Middleware Called before any request in ExpressJS

Question

I am developing a NodeJS Api and having some issues with middlewares. routes are accessible to user based on their roles and a role could be Admin or superAdmin. My permission middleware looks like this:

permission.js

// middleware for doing role-based permissions
const { getRoleName } = require('../../constants/roles');
module.exports = function permit(...allowed) {
    const isAllowed = role => allowed.indexOf(role) > -1;
    console.log(isAllowed)
    // return a middleware
    return (req, res, next) => {
        //findRole Name

        if (req.user && isAllowed(getRoleName[req.user.role]))
            next(); // role is allowed, so continue on the next middleware
        else {
            res.error({ code: 403, message: 'Forbidden', errors: ['Permission Denied'] }); // user is forbidden
        }
    }
}

I also have an authentication middleware which attaches logged in user to req.user. I am using this permission-based middleware into my routes Like this.

records.js
const permit = require("../middlewares/permissions/permission"); 
router.get("/", permit("superAdmin"), getAllRecords);
router.get("/route1", permit("admin"), getRouteOneRecords);
router.get("/route2", permit("admin","superAdmin"), getRouteTwoRecords);

Now the problem is when my app runs all the roles are printing without making any request, console.log(isAllowed), this line in permission.js is printing the roles without any request made to any of the routes.

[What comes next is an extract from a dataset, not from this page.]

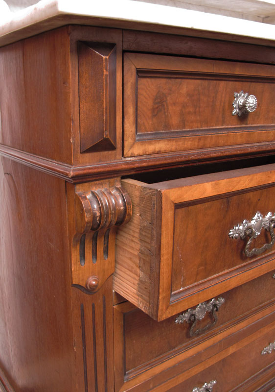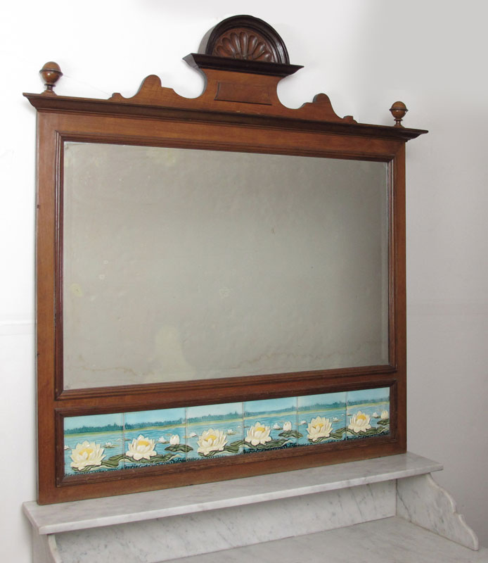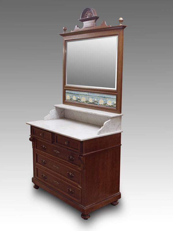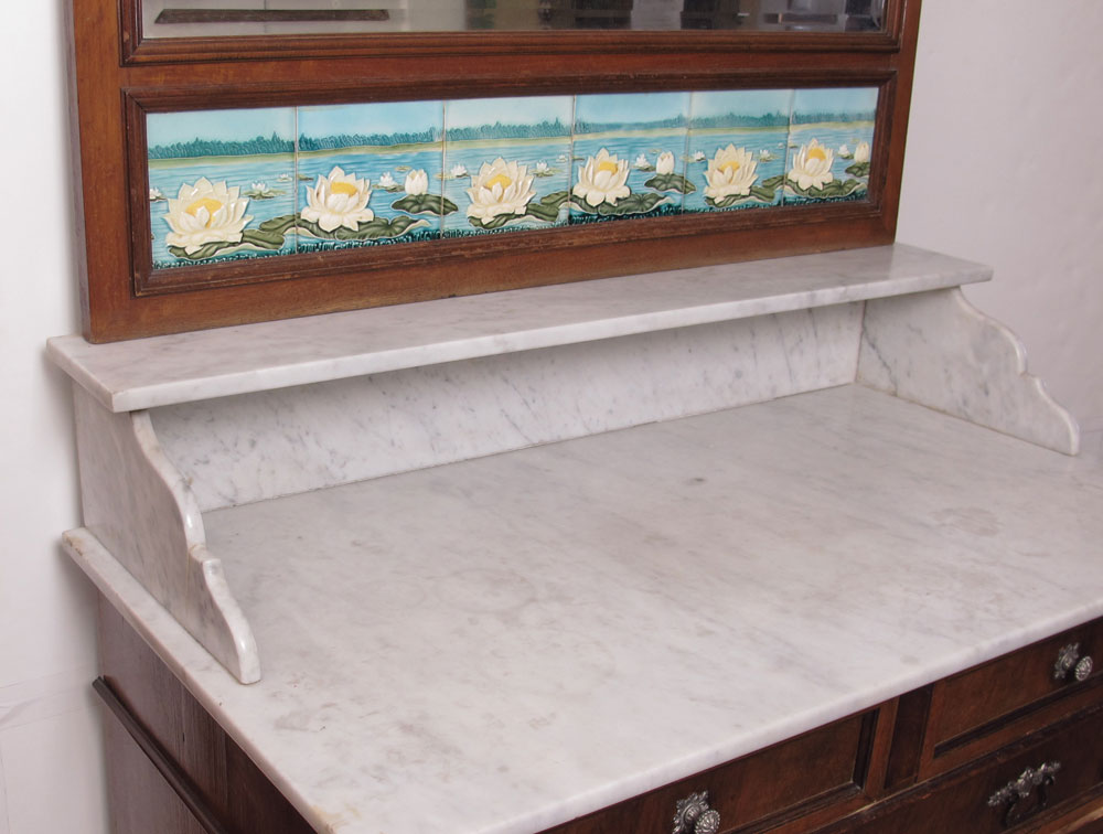 TILE BACK DRESSER WITH MIRROR: 2 drawer over 3 drawer with marble top with marble shelf. Mirror with water lily tile backsplash. 85 1/2'' h. x 41 1/4'' x 22 1/2''.

I wonder why this is happening, even before making a request to the route.

Answer 1

just because in each route you are executing the permit() method, inside of that you are executing this block before return your middleware function:

const isAllowed = role => allowed.indexOf(role) > -1;
    console.log(isAllowed)
    // return a middleware

But for sure that the content for this function return (req, res, next) => { are gonna be executed as the middleware purpose when you execute the route.